D is set as identity matrix I. The action functional of path x(t) is approximated by the discretization,

$${S}_{{T}_{1}{T}_{2}}(x(t))=\frac{1}{4}\Delta t\mathop{\sum }\limits_{k=1}^{N}\mathop{\sum }\limits_{i=1}^{M}{\Vert \frac{{x}_{i}^{k+1}-{x}_{i}^{k}}{\Delta t}-\frac{{f}_{i}^{k+1}+{f}_{i}^{k}}{2}\Vert }^{2}.$$
(14)

The minima of the action functional are found using fminunc in MATLAB. The line segments connecting the initial states and terminal states are used as initial paths. T = 10 and N = 100 were used. We checked that larger T and N don’t significantly change the values with deviations smaller than 0.01, indicating the convergence of the results.

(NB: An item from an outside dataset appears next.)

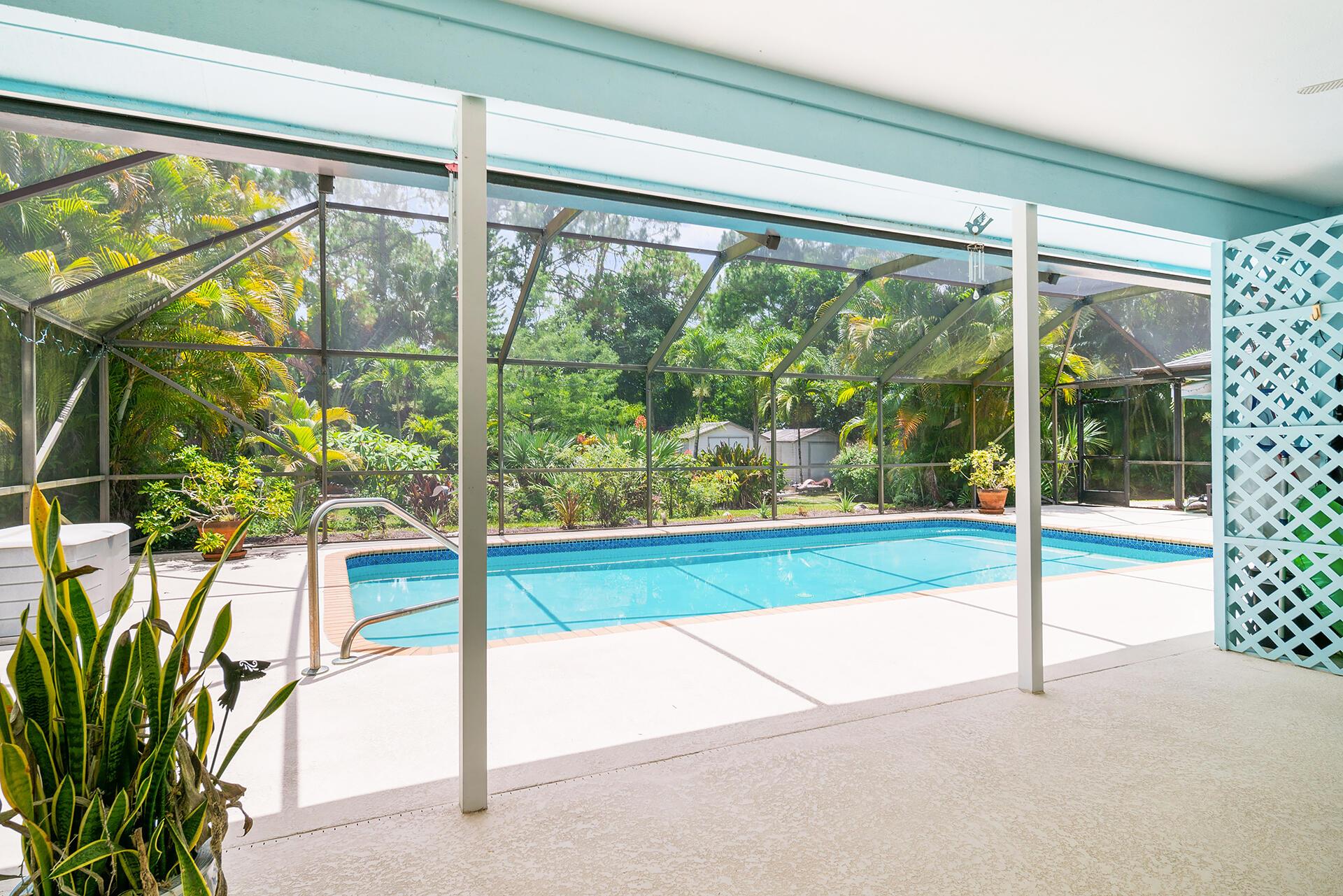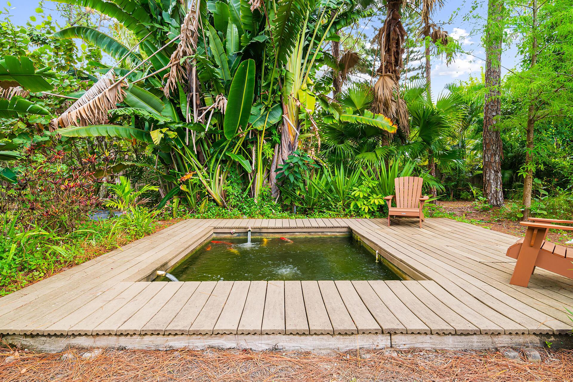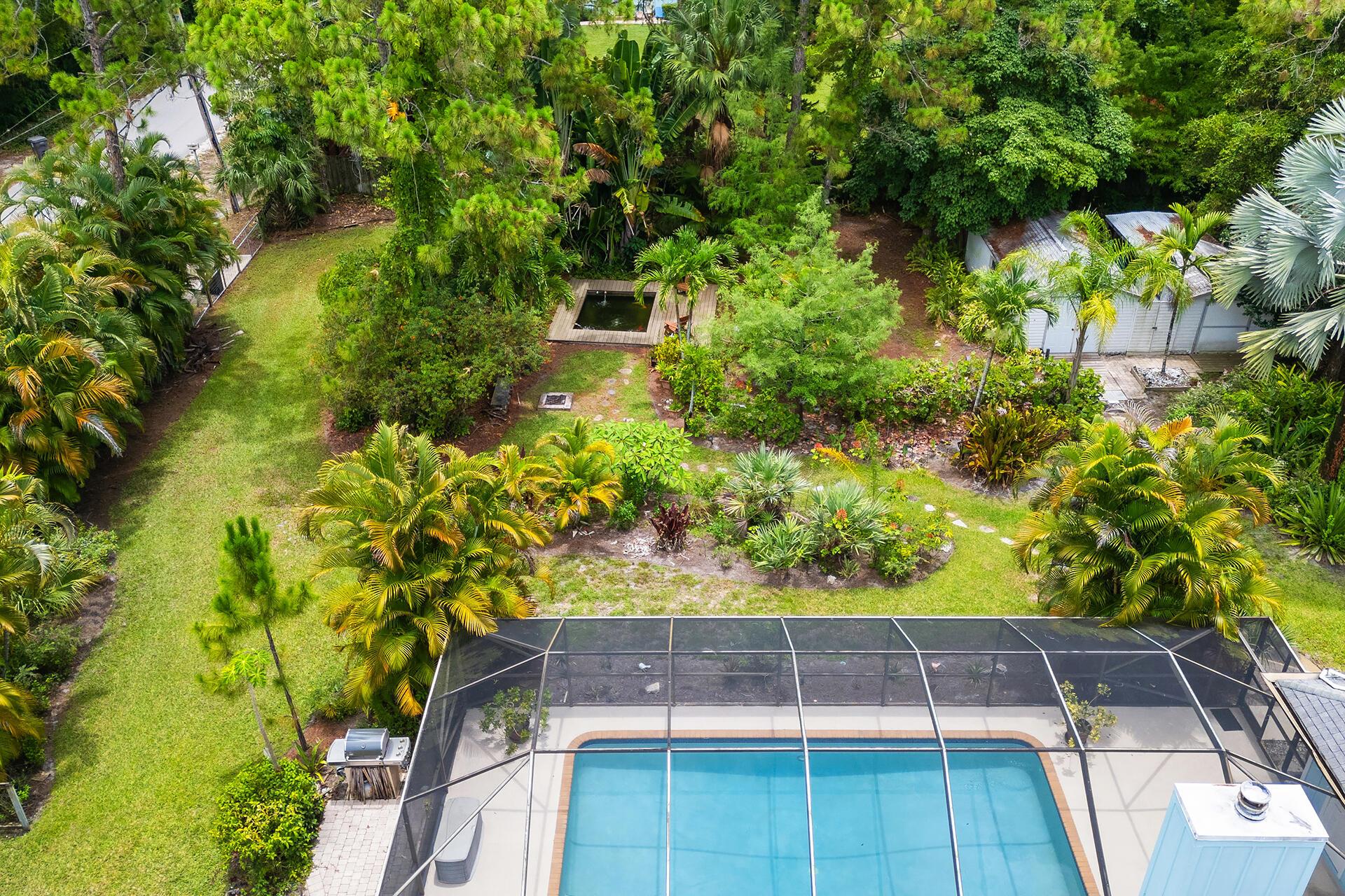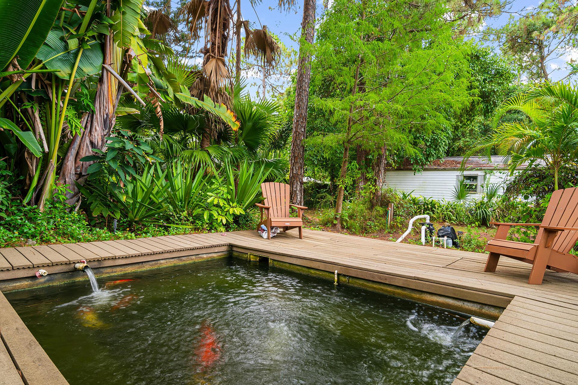 1.25 Tropical acre corner lot featuring double cement driveway holds approx 8 cars, glass sliders to covered lanai from Master Bd, Dining, Family Rm & 2nd bd, vaulted ceilings, wood burning fireplace, abundance of kitchen cabinetry & counters, oversized kitchen center island , perfect In Law arrangement with full kitchen, separate exterior entry plus door entry from main house, Possible 5th Bedroom, Screened in lanai and pool, Kitchen & Breakfast rm as well as very large family room is all open, very bright and lots of natural light, partial impact windows, maintenance free flooring thru out, bay windows in Living Room, KOI pond, in ground pool heated by solar panel and so much more!

Single-cell expression data analysis

The single-cell gene expression datasets were used to validate the model predictions. The predicted core TF expression statuses of pancreatic cell states were used as a reference to classify the cell types. The heatmaps were generated using R software. Package pheatmap and tsne were used. Exp = Count + 1 when analyzing murine pancreatic cell dataset, and Exp = TPM + 1 when analyzing the adult acinar cell dataset and the mouse islet endocrine α/β cell dataset.